Health Minister Leo Varadkar has said Ireland was never the safest country in the world in which to give birth.
“I think there may have been a complacency in Ireland in the past quite frankly about the quality of our maternity services,” Mr Varadkar said.
The claim of Ireland being level with other developed nations in terms of safety for pregnant women was never backed up by proper statistics, Mr Varadkar said.
Responding to a recent report which found that Ireland now has a higher rate of maternal death than the UK, with maternal death rates here up 22%, Mr Varadkar said Ireland can only now begin to measure the safety of maternity services.

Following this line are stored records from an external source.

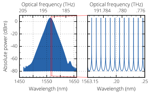 首先,傳統的激光器架構很難構建低噪聲且重復頻率> 0.5 GHz的諧振結構。然而近期,Menhir Photonics提出其MENHIR-1550飛秒激光器可以作為飛秒脈沖光梳的穩定光源模塊。其可以在100 MHz至5 GHz的重復頻率下產生超低噪聲的鎖模脈沖,且生成的每一根頻率梳線功率都大于50 μW。根據其實驗室所提供的資料,利用該激光器所形成的光梳可以做到線寬< 20 kHz,信噪比> 70 dbc。
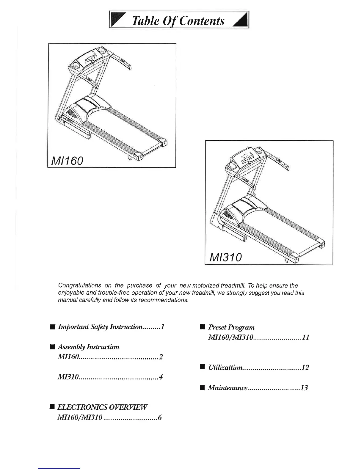 strength master MI160 - Table of Contents
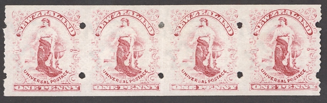 1905-06 1d. carmine, penny-in-the-slot machine mint strip of four, rouletted 9½ at either end, a couple of light diagonal gum bends, large part original gum. S.G. 361, £800; CP GS1a, $1,400+
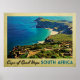 Diese schöne Szene ist ein neues Vintages Design, das das Kap der guten Hoffnung in Südafrika zeigt. Blaue Ozeane und grüne, grasbewachsene Klippen runden das Bild ab.
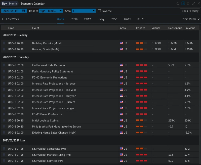 FOMC 会议前夕,两年期美债收益率大幅上行,一度突破 5.1% 关口,收报 5.092% ;十年期收报 4.365% 。 对于本次会议决策,市场普遍预期 FOMC 将维持利率不变,大家关注的焦点会是点阵图的更新及经济预测摘要的公布,以及从鲍威尔后续的问答环节中搜寻年内是否还会再次加息的线索。
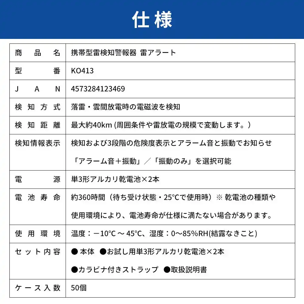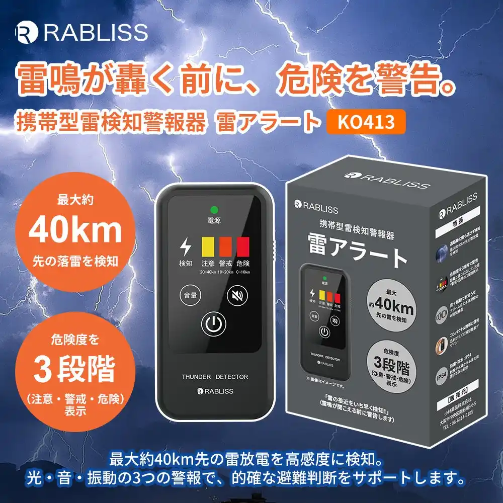 | すでに危険が迫っています。「雷アラート」は高感度センサーを搭載し、雷の接近をいち早く | |||
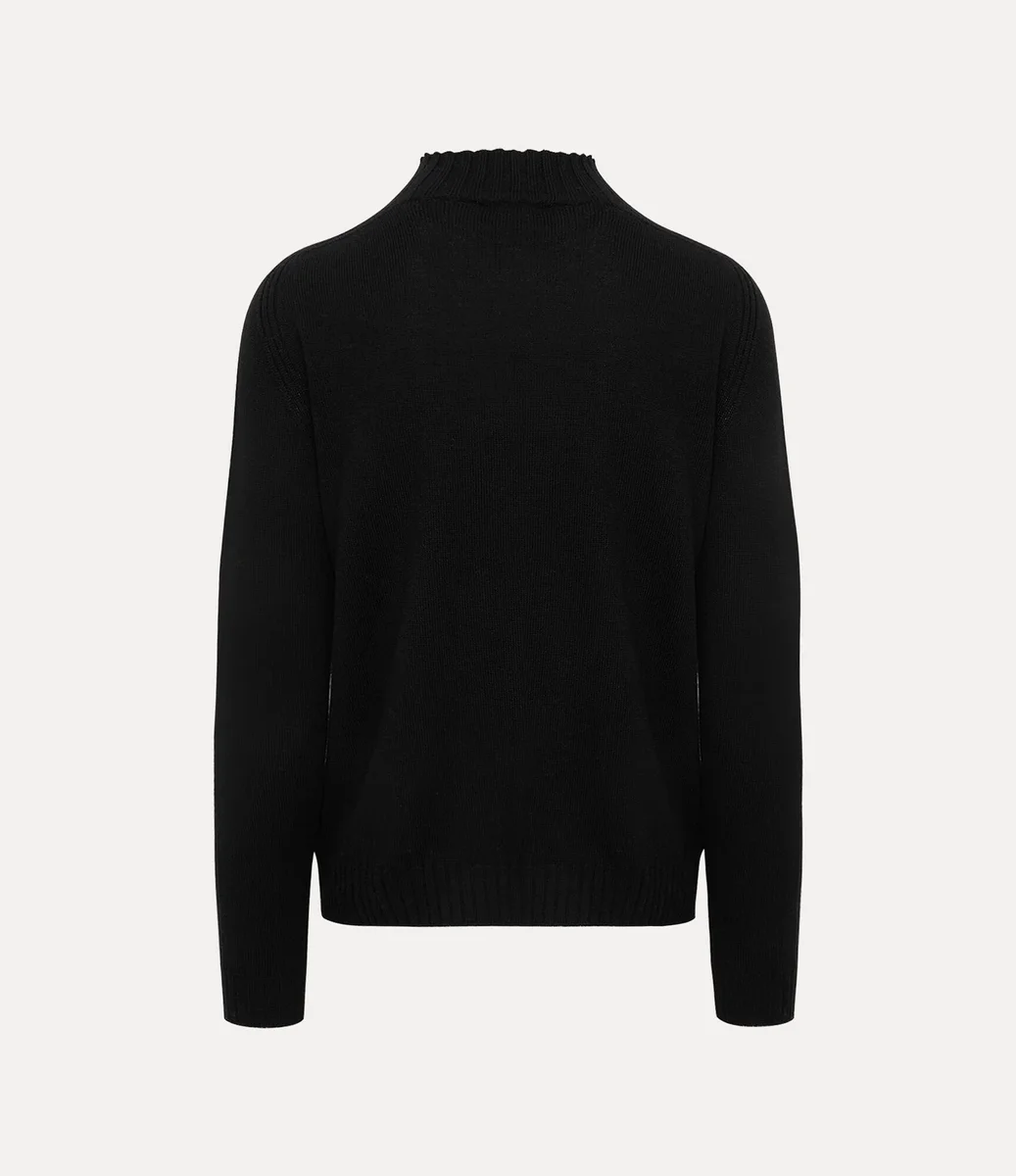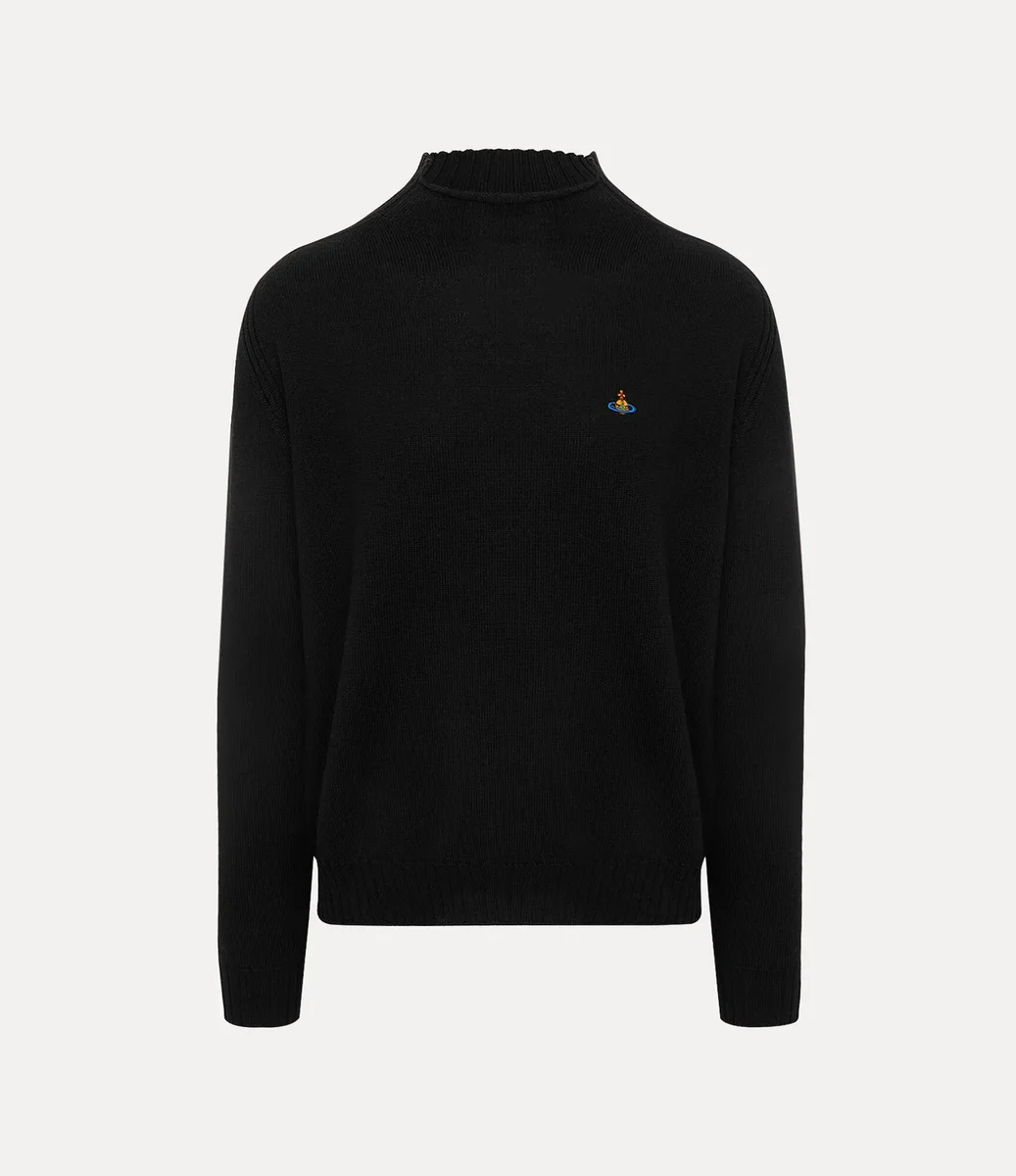 Fisherman kazak, yumuşak yünden üretilmiştir ve düz etek ucu ile uzanan nervürlü yaka detayına sahiptir. Nervürlü manşetli uzun raglan kollu bu parça, Vivienne’in geleneği geleceğe taşıma vizyonunu yansıtan, göğsün sol tarafında çok renkli işlemeli bir küre ile süslenmiştir.

The traditional method of measurement, CSO figures, have shown Ireland as having a low rate of maternal deaths. However, this method was prone to overlooking a number of deaths. The Irish Times notes today that the death of Savita Halappanavar, from septicemia, would not have been counted under the CSO system.
“Really the statistics never supported that view very well and I’m glad that we do now have these MDE statistics, which calculate numbers in the same way that the UK does,” he said.
“And what that does show, which is what I consistently say, is that our maternal mortality and perinatal mortality are on a par with the rest of the developed world,” he added.
The Confidential Maternal Death Enquiry, based in University College Cork, has, since 2009, been collating data on maternal deaths from a broader range of sources than the previous CSO system, in the same way figures are recorded in the UK.
However, he said Ireland is now able to compete with other countries to become the safest place to give birth.
“Now that complacency is gone we’re going to strive to increase it and prove it - which is why we now have more consultants than ever before, more midwives than ever before, at a time when our birth-rate is falling,” he said.